### Records for processing ###

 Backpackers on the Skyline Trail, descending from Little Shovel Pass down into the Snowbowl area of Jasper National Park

###
### Records for processing ###

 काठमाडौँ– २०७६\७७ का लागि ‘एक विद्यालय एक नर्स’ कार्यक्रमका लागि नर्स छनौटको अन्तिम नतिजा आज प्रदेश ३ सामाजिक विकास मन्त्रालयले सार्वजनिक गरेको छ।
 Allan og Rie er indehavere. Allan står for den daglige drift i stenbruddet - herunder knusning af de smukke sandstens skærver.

###

Please make an exact copy of the lines above from the line with "काठमाडौँ– २०७६\७७ का" through the line with "Allan og Rie", both ends included.

The answer:
 काठमाडौँ– २०७६\७७ का लागि ‘एक विद्यालय एक नर्स’ कार्यक्रमका लागि नर्स छनौटको अन्तिम नतिजा आज प्रदेश ३ सामाजिक विकास मन्त्रालयले सार्वजनिक गरेको छ।
 Allan og Rie er indehavere. Allan står for den daglige drift i stenbruddet - herunder knusning af de smukke sandstens skærver.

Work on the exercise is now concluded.